Given data.
*****

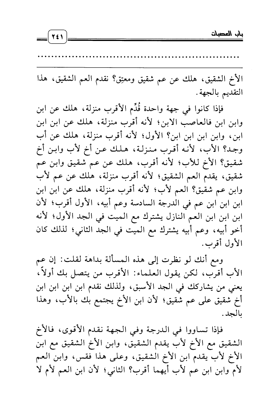 فإذا كانوا في جهة واحدة قُدِّم الأقرب منزلة، هلك عن ابن وابن ابن فالعاصب الابن؛ لأنه أقرب منزلة، هلك عن ابن ابن ابن، وابن ابن ابن ابن؟ الأول؛ لأنه أقرب منزلة، هلك عن أب وجد؟ الأب، لأنه أقرب منزلة، هلك عن أخ لأب وابن أخ شقيق؟ الأخ للأب؛ لأنه أقرب، هلك عن عم شقيق وابن عم شقيق، يقدم العم الشقيق؛ لأنه أقرب منزلة، هلك عن عم لأب وابن عم شقيق؟ العم لأب؛ لأنه أقرب منزلة، هلك عن ابن ابن ابن ابن ابن عم في الدرجة السادسة وعم أبيه، الأول أقرب؛ لأن ابن ابن ابن العم النازل يشترك مع الميت في الجد الأول؛ لأنه أخو أبيه، وعم أبيه يشترك مع الميت في الجد الثاني؛ لذلك كان الأول أقرب.
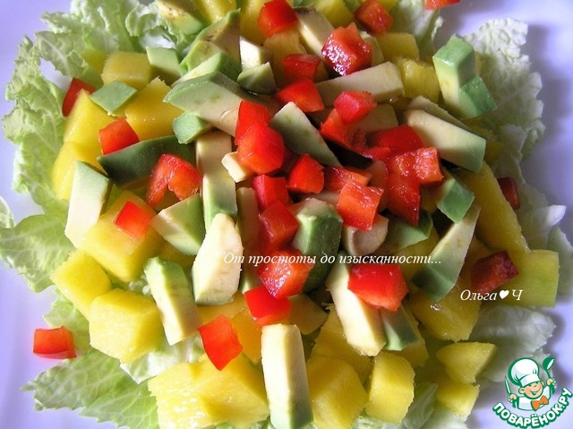 Очень вкусный, витаминный, освежающий, легкий и яркий салат с манго, авокадо и сладким перцем в пикантной заправке. Попробуйте!
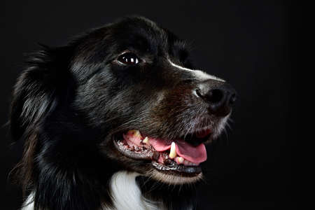 Spotted curly black black dog. Black white photo is taken in the studio. Dog's portrait
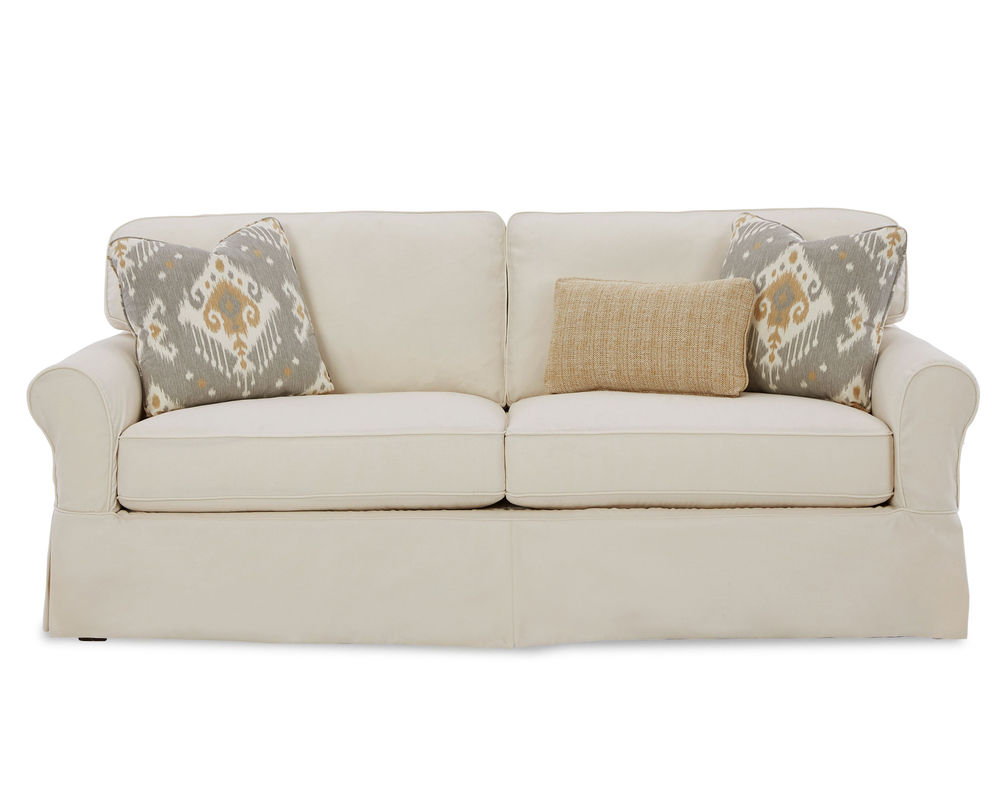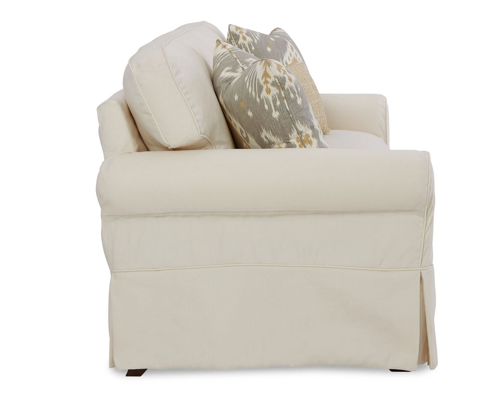 This timeless James 9174 Queen Sleeper sofa offers the perfect blend of traditional and modern design elements. The removable slipcover fits snugly, with Velcro attachments in key areas for easy convenience, and is offered in a variety of fabrics, including some that are machine washable. The box border backs and plush Blend Down seat cushions provide superior comfort, while two Blend Down toss pillows and one kidney pillow add a warm touch of style. Additional features include sock arms and a relaxed waterfall skirt for a casual yet versatile look. This sofa is available with a standard innerspring mattress or memory foam mattress and can be paired with a matching sofa, loveseat, chair, and ottoman, or as a sectional. Enjoy the inviting and fresh look of the James Queen Sleeper in your home.

*****

Write the listing out in full, exactly; no images.

 فإذا كانوا في جهة واحدة قُدِّم الأقرب منزلة، هلك عن ابن وابن ابن فالعاصب الابن؛ لأنه أقرب منزلة، هلك عن ابن ابن ابن، وابن ابن ابن ابن؟ الأول؛ لأنه أقرب منزلة، هلك عن أب وجد؟ الأب، لأنه أقرب منزلة، هلك عن أخ لأب وابن أخ شقيق؟ الأخ للأب؛ لأنه أقرب، هلك عن عم شقيق وابن عم شقيق، يقدم العم الشقيق؛ لأنه أقرب منزلة، هلك عن عم لأب وابن عم شقيق؟ العم لأب؛ لأنه أقرب منزلة، هلك عن ابن ابن ابن ابن ابن عم في الدرجة السادسة وعم أبيه، الأول أقرب؛ لأن ابن ابن ابن العم النازل يشترك مع الميت في الجد الأول؛ لأنه أخو أبيه، وعم أبيه يشترك مع الميت في الجد الثاني؛ لذلك كان الأول أقرب.
 Очень вкусный, витаминный, освежающий, легкий и яркий салат с манго, авокадо и сладким перцем в пикантной заправке. Попробуйте!
 Spotted curly black black dog. Black white photo is taken in the studio. Dog's portrait
 This timeless James 9174 Queen Sleeper sofa offers the perfect blend of traditional and modern design elements. The removable slipcover fits snugly, with Velcro attachments in key areas for easy convenience, and is offered in a variety of fabrics, including some that are machine washable. The box border backs and plush Blend Down seat cushions provide superior comfort, while two Blend Down toss pillows and one kidney pillow add a warm touch of style. Additional features include sock arms and a relaxed waterfall skirt for a casual yet versatile look. This sofa is available with a standard innerspring mattress or memory foam mattress and can be paired with a matching sofa, loveseat, chair, and ottoman, or as a sectional. Enjoy the inviting and fresh look of the James Queen Sleeper in your home.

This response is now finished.